Capítulo LXXVII
EL gran salón se había convertido en un hospital para los heridos. Los moribundos y los que pugnaban por vivir eran llevados allí y arrojados al suelo, para yacer entre los que gruñían de puro dolor o se desangraban metódicamente. Comandaba el lugar un monje que algo sabía sobre hierbas, y los bons òmes, que eran reputados médicos, hicieron lo que estuvo en su mano por ayudarles en aquel trance. Fabricia y un puñado de mujeres se habían arremangado para echar también una mano, incapaces de soportar los dolorosos gritos que procedían del donjon.
Cada vez que Fabricia se inclinaba sobre algún herido rezaba en su fuero interno por que no fuese Philip.
A lo largo de la tarde, el humo de las torres de asedio incendiadas se esparció de un lado a otro, de modo que los grandes arcos y las altas ventanas del salón parecían envueltos en niebla. El calor era insoportable, el aire pútrido y empastado de humo, y había moscas por todas partes. Un sacerdote iba y venía entre las hileras de heridos, deteniéndose para ofrecer la extremaunción a quien así lo pidiese. Fabricia se preguntó por qué aquel hombre no se había marchado con el resto. Quizá, al igual que ella, era más un hombre del sur que un verdadero católico.

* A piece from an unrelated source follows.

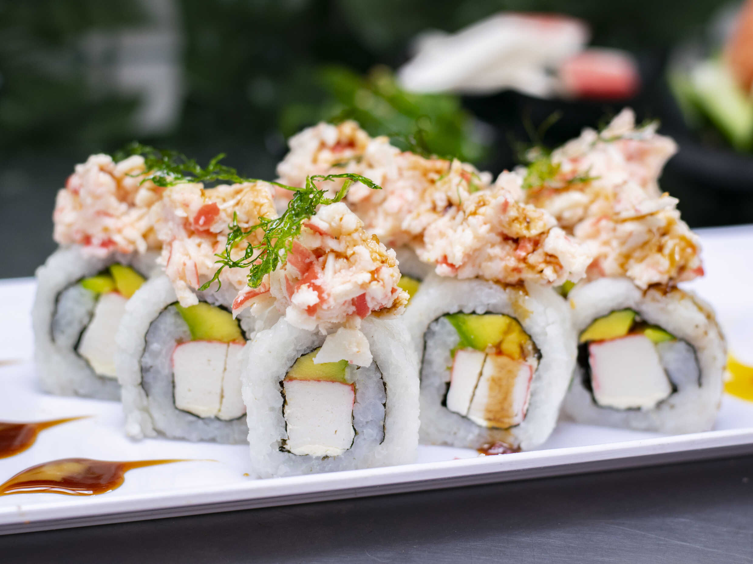 Pamito de cangrejo, aguacate, queso crema, topping de ajonjolí y pasta de dianamita.

Se encendieron algunas velas. El padre Vital murmuraba el consolamentum sobre algún rufián y lo enviaba directamente al Paraíso pese a una vida entera de violaciones y crímenes.
Fabricia se inclinó sobre uno de los arqueros; pugnaba por tomar aire, aunque la flecha que había atravesado su jubón de cuero seguía perforándole el pecho. Tomó un frasquito de valeriana de su túnica y vertió unas gotitas sobre los labios del hombre para ayudarle en su dolor.
Sintió una mano cálida sobre su hombro. Levantó la vista. Era Philip.
—Gracias a Dios que no has sido herido —le dijo. Apenas podía reconocerle; su rostro estaba ennegrecido por el humo, y su cabello pegado al cráneo a causa del sudor. Sus ojos parecían perdidos en la distancia, como si buscaran algo más allá del horizonte. Tenía sangre en las manos—. ¿Qué está pasando allí?
—Los cruzados quemaron el bourg y atacaron el muro sureste. De momento, hemos conseguido que retrocedan.
—¿Y qué ocurrirá ahora?
—Han perdido muchos hombres. Dudo que intenten otro asalto similar en breve. Si no pueden escalar los muros, intentarán echarlos abajo.
De pronto, el suelo tembló bajo sus pies. Sonó como si el donjon al completo se hubiera derrumbado sobre la plaza. Fabricia contuvo el aliento, y alargó un brazo hacia una columna para evitar tambalearse.
—¿Qué ha sido eso?
—No están perdiendo el tiempo. Ya han empezado.
—Ha sonado como si el castillo se viniera abajo.
—Es una catapulta mecánica.
—¿Qué es eso?
—¿Recuerdas cuando nos encontrábamos en las cuevas y pensaste que habías oído un trueno? Era una máquina para asedios. Su aspecto es el de una gigantesca honda: la han traído hasta aquí arrastrándola con ayuda de una manada de bueyes. Es la primera vez que veo una, aunque últimamente he oído hablar mucho de ellas. Parece ser que uno de los ingenieros del rey pensó en usar contrapesos y pivotes en sus máquinas de asedio en lugar de las viejas cuerdas entrelazadas. Me han dicho que es tan compleja que necesita de carpinteros especiales para que funcione. Es capaz de levantar y tirar rocas del tamaño de París. Así que parece que hemos dado por terminada la guerra del honor y el coraje: nuestra supervivencia está en manos de un puñado de hombres con delantales y un complejo sistema de poleas.
—¿Qué posibilidades tenemos, señor?
—El verano prácticamente ha tocado a su fin —dijo, retirándose con el dorso de la mano el sudor y el hollín que cubrían su rostro—. Sólo tienen un ejército de voluntarios. Tan pronto como cambie el clima querrán regresar a casa. No necesitamos ganar esta batalla, sólo aguantar unas semanas más.